次に中露軍事協力深化への備えである。

 米国という共通の競争相手への対抗として、中露の軍事協力が深化することは不可避であろう。

 特に中国が比較的遅れているといわれる対潜戦分野や揚陸作戦分野での協力、アビオニクスやミサイル技術といったロシアの優れた技術の積極的な導入が想像できる。

 ロシアにとって、中国は対米上共闘できる国ではあるが、前述したロシア国内での中国の影響力拡大は好ましいことではなく、4000キロ以上といわれる長大な国境線および、その国境線を挟む人口格差という面で、中国を警戒せざるを得ない。

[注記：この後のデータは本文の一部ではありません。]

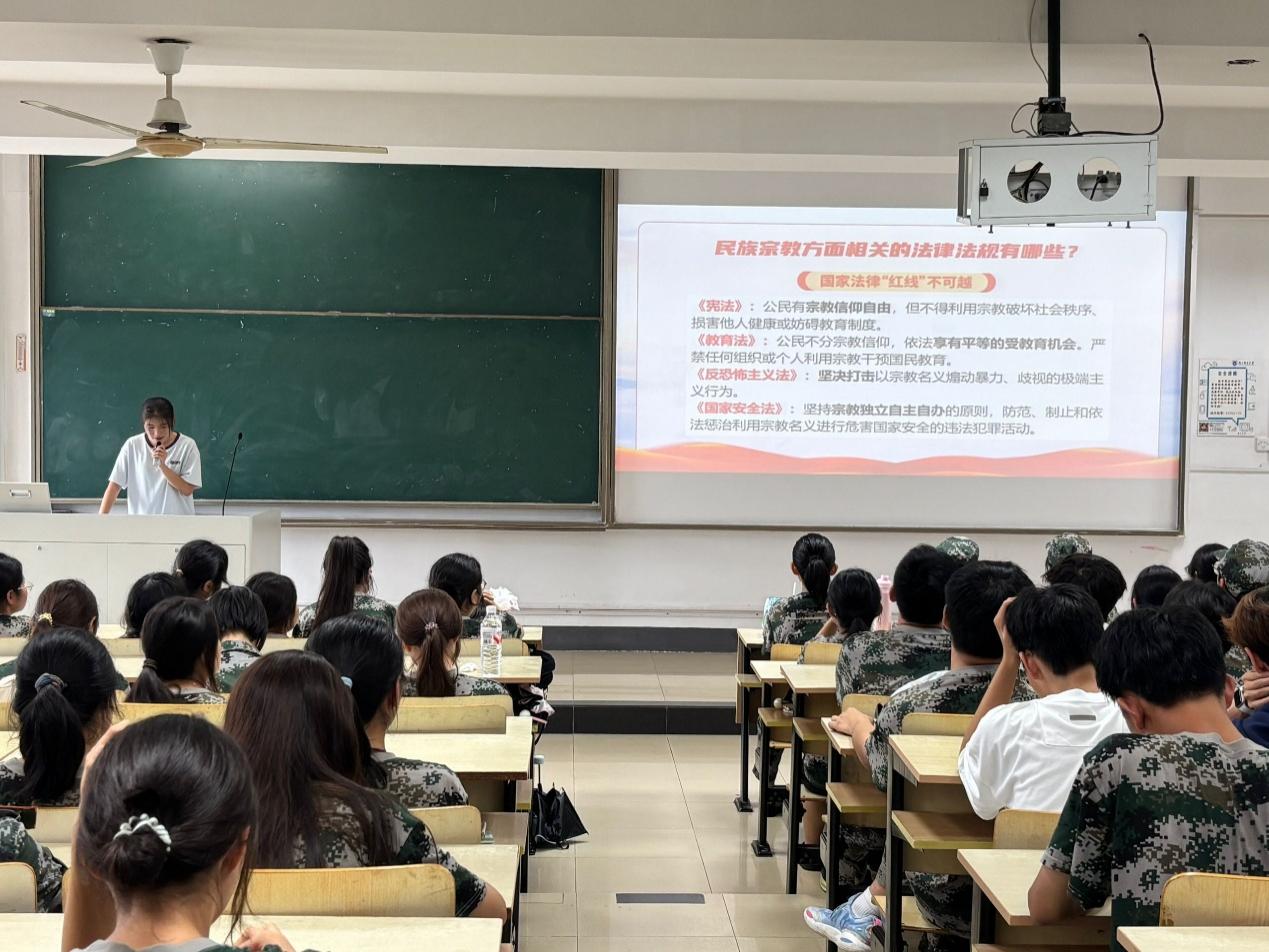 首先,大会从“认知篇”切入,朱宇露带领同学们系统学习了团章,深刻阐述了共青团作为党的助手和后备军的光荣定位与性质宗旨,引导新生筑牢“坚定不移跟党走”的信仰根基。接着进入“明责篇”,她清晰列举了团员的权利与义务,强调将责任意识融入日常学习与生活,并重温入团誓词,激励大家珍惜团员身份,履行团员义务。随后,在重点环节“守纪篇”中,她深入解读团纪处分条例,结合高校实际案例划出行为“红线”,强化了团员们的纪律规矩意识。此外,大会还设置了民族宗教政策专题学习板块,普及相关法律法规,揭露校园非法传教的隐蔽形式,有效提升了新生辨别与抵制渗透的能力。最后,会议简要说明了团员档案转接的实务要求,为新生顺利融入组织提供了明确指引。

 日本としては、北方領土問題という大きな問題はあるものの、米国とは違ったアプローチでロシアと向き合い、中露の軍事協力に一定程度のブレーキを加えるような動きをとる必要があるであろう。

 最後に、朝鮮半島問題への中国影響力の拡大が考えられる。

 中国にとって、北朝鮮は日本海における活動拠点といった意味で、戦略的価値は高い。

 北朝鮮にとっても対米交渉の後ろ盾としての中国の存在、さらには開発中の潜水艦発射型弾道ミサイル(SLBM)開発のための技術提供元としての中国の存在は重要である。

 加えて、前述したとおり、朝鮮半島が緊迫化した際に、中露軍の艦艇などが日本海で共同して存在あるいは行動するだけで、米軍兵力展開を阻害することとなるであろう。